** Records to process **
· · · ·
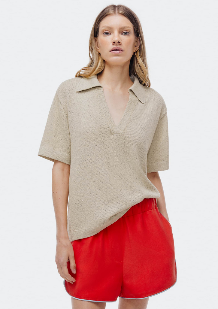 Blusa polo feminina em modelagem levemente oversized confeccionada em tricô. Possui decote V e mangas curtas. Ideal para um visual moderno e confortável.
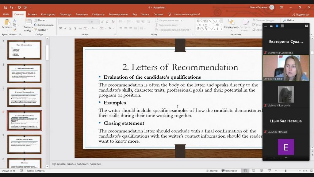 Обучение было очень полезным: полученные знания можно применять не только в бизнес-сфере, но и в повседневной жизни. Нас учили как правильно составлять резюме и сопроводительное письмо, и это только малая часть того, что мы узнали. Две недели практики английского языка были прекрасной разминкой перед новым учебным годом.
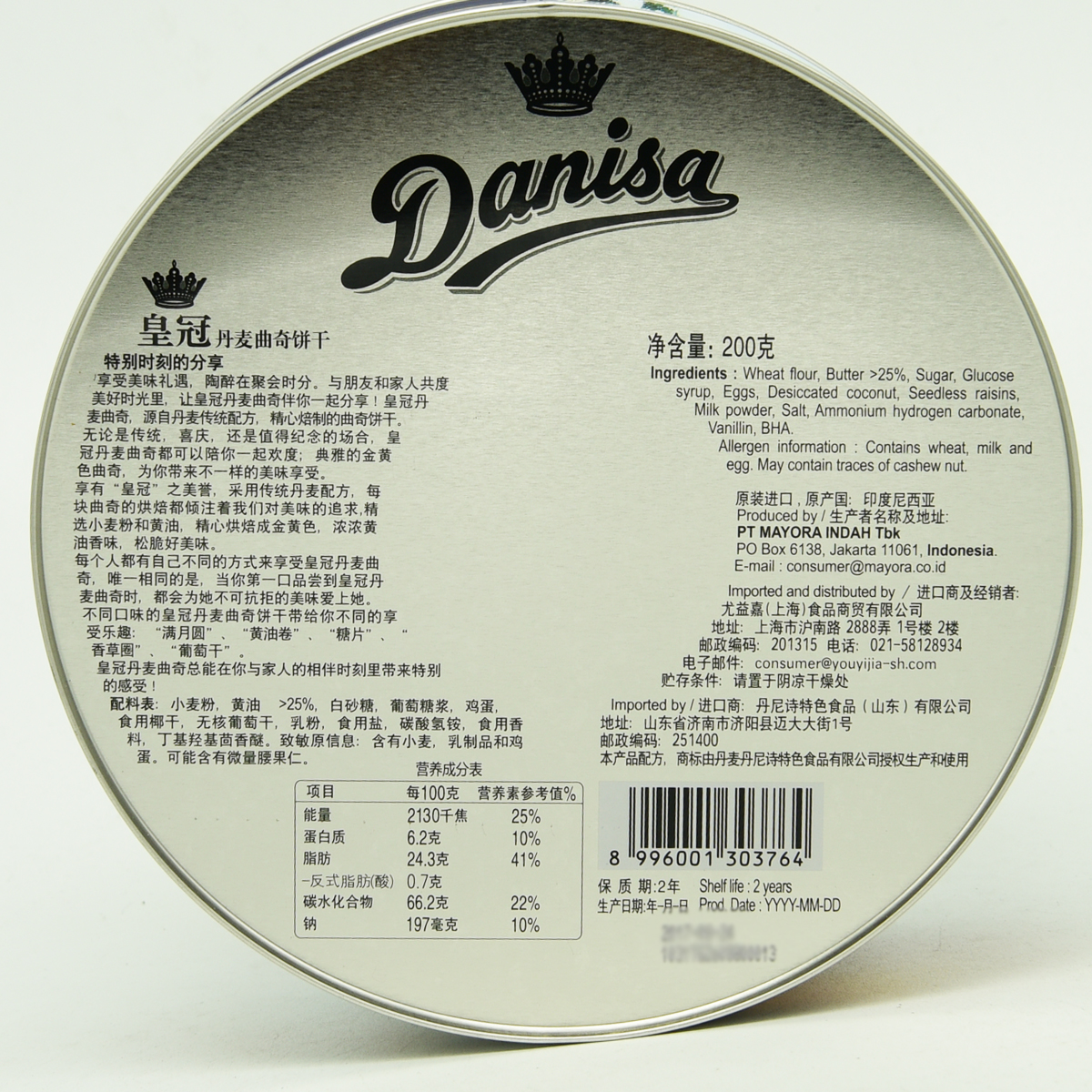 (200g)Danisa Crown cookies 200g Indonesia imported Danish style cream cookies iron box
· · · ·
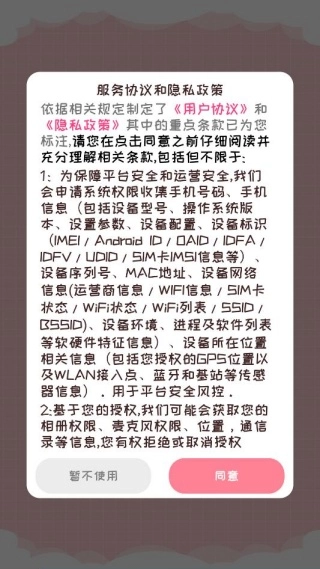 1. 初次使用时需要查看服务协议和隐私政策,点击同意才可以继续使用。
· · · ·
Using the records above, return word for word the lines that begin at the one containing "Blusa polo feminina" and end at the one containing "(200g)Danisa Crown cookies", both of them included and no pictures.

** Output of the task **
 Blusa polo feminina em modelagem levemente oversized confeccionada em tricô. Possui decote V e mangas curtas. Ideal para um visual moderno e confortável.
 Обучение было очень полезным: полученные знания можно применять не только в бизнес-сфере, но и в повседневной жизни. Нас учили как правильно составлять резюме и сопроводительное письмо, и это только малая часть того, что мы узнали. Две недели практики английского языка были прекрасной разминкой перед новым учебным годом.
 (200g)Danisa Crown cookies 200g Indonesia imported Danish style cream cookies iron box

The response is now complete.